Nowadays everyone knew that the story had been romanticised. The numberless Bhrudwan hordes of legend had undoubtedly been invented to cover Falthan shame at having been conquered so easily. The Destroyer, the legendary one-handed Undying Man, had more likely been a group of commanders than a single person. The Haufuth had taught Leith and the other village children that the Bhrudwan army had been defeated, not by resistance, but by intermarriage. That saddened Leith, who found the tales of Conal and his knights exciting, and often imagined his rude quarterstaff, designed to keep off the few wild animals that ventured into Loulea Vale, was a sharp sword with a name and a history, and that the bushes were Bhrudwan warriors. He knew the Lay of Fealty by heart, but the magic in its verses had somehow evaporated in the face of the Haufuth's logic. It was true that many southerners had mixed blood, and were much darker than northerners, so perhaps they had intermarried with Bhrudwans. And it was also true that the Undying Man had never existed.
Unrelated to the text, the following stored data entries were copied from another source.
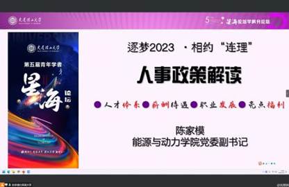 一元复始,万象更新。2月6日16:00,2023年大连理工大学星海论坛—能源与动力“云”论坛如期举行,身处海内外的12名青年才俊“云”端相聚、在线畅谈,为能源与动力学院2023年人才队伍建设工作“加速跑”打响了第一枪。论坛由学院党委副书记陈家模副研究员、分管科研工作副院长陈聪教授共同主持。能源与动力学院院长杨明军教授、优秀青年教师代表李羽白教授、学院部分师生等近30人参加了此次论坛。
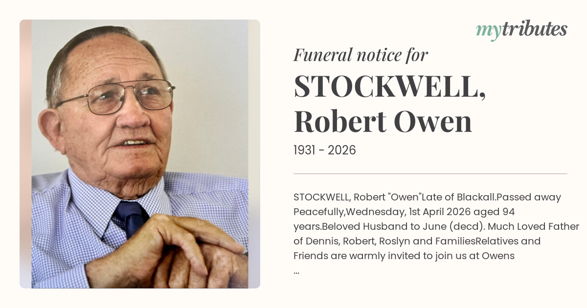Relatives and Friends are warmly invited to join us at Owen’s graveside Celebration of Life, being held at the Blackall Lawn Cemetery, Saturday, 11th April 2026 commencing at 10:00am.
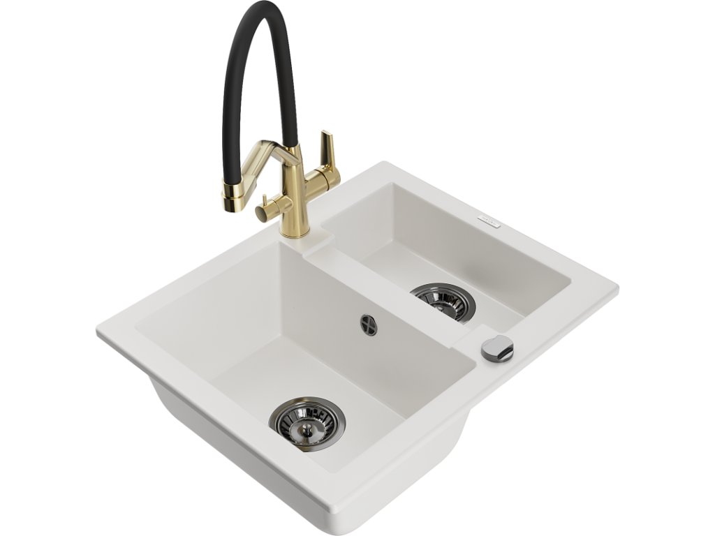 Granitový drez Mexen Carlos s 1,5 misky a kuchynskou batériou Duo, biely - 6518-20-671701-57-B
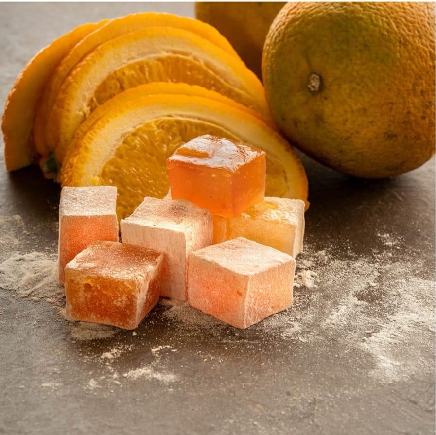 Soft and fruity Turkish delight infused with the fresh taste of real oranges. A delightful harmony of sweetness and citrus tang, offering a refreshing take on a traditional treat.

Still, Leith could imagine Conal bravely facing the Bhrudwan Lord, just as the Lay of Fealty said.
The old farmer was still talking. 'The Watchers have heard tales of a great king rising in the east, of the revival of soldierly arts, of the massing of warriors. But such stories have always been whis¬pered, and only an insecure Court would have heeded them. None other of the Sixteen Kingdoms has reacted to these tales with anything but contempt. However, the command was given and Mahnum had to obey. Your father is a real Trader, boy, and he sbould have been back by now.'
Leith waited, but the old man said nothing more. So he asked, 'Why my father?'
The old man was silent a while, and Leith could hear the sounds of the wind outside, softer now. Then he spoke. 'A real Trader, boy, has access anywhere. People are the same wherever you go. Kven Bhrudwo. They all want what they don't have. That's what a Trader offers them.
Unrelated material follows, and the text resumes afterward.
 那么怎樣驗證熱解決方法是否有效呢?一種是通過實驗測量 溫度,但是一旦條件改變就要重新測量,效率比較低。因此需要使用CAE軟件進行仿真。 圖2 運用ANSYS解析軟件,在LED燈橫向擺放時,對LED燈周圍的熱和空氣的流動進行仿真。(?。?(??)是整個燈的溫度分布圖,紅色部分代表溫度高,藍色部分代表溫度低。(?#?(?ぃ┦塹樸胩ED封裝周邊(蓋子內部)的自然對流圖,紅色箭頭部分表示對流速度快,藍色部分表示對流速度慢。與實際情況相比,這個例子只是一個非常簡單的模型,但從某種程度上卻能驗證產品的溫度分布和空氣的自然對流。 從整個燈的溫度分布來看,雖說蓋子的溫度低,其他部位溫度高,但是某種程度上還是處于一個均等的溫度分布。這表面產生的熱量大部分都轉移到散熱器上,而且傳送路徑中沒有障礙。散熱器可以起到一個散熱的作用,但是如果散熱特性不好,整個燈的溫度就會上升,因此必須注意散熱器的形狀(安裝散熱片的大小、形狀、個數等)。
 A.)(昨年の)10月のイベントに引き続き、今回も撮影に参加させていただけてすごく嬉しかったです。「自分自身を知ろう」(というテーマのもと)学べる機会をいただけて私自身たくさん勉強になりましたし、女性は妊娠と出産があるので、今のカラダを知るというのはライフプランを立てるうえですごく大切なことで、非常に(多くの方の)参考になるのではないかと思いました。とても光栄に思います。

A Trader travels anywhere, paying bribes, wearing disguises, running and riding and selling his way to a profit. It's a good way to find things out. That's what your grandfather did - and Mahnum too, for a few years. It's the oldest cover in the business. Probably more spies than honest Traders around, though most of them mix patriotism and profit. The art's been lost in Firanes, and that's why they said they wanted your father. Poor fool. When he met your mother he gave up the Trader's life. Hadn't been out of the district since. A real Trader needs to prac¬tise his craft continually. He probably never got to Bhrudwo.'
Sadness seemed to flow like a river out of the darkness towards Leith. The old man's talk had made his father seem real again for a moment, but Leith knew that nothing was real save the old ache. His father was gone. But for a while, just hearing his name from the lips of a stranger, he had seemed close by.
The old farmer thought pityingly of the boy beside him. What sort of apathy had brought them all so low? For a moment his own heart misgave him. Was there really something happening in Bhrudwo? Where was Mahnum? He sighed and shrugged his shoulders.
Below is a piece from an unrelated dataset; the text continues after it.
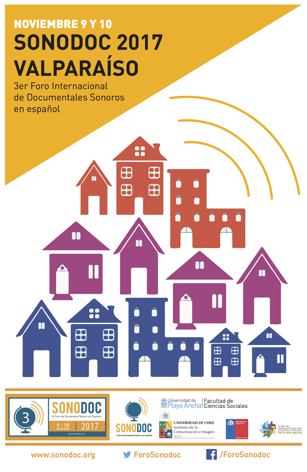 SONODOC es una organización que nace en 2014 al calor de la Bienal Internacional de Radio de México. Allí, un grupo de seis productores y productoras decidieron asociarse para fortalecer el uso del documental sonoro y pensar en una radio latinoamericana más atractiva, con la intención de fomentar la reflexión, la capacitación, la investigación y la producción en torno al género. El primer foro fue en Bogotá, Colombia, en 2015, y el segundo en Ocotlán, Jalisco, México, en 2016. Este foro internacional desembarca en Santiago de Chile y Valparaíso y pretende ser una oportunidad para periodistas, artistas y radialistas de Chile.

The soft light of a silent dawn found a tousle-headed boy resting on a gnarled man's shoulder, together in sleep.
MIDWINTER'S DAY
'WELL, I THINK IT was inconsiderate of him!' Herza said.
'Do you?' replied Indrett wearily.
'Yes, I do. Fancy him promising to cull out his best hogget and mutton, and us planning the feast and all, thinking that he was going to supply the meat just as he always does!' The thin, waspish woman manoeuvred her foot inside the door and a defeated Indrett waved her towards a seat.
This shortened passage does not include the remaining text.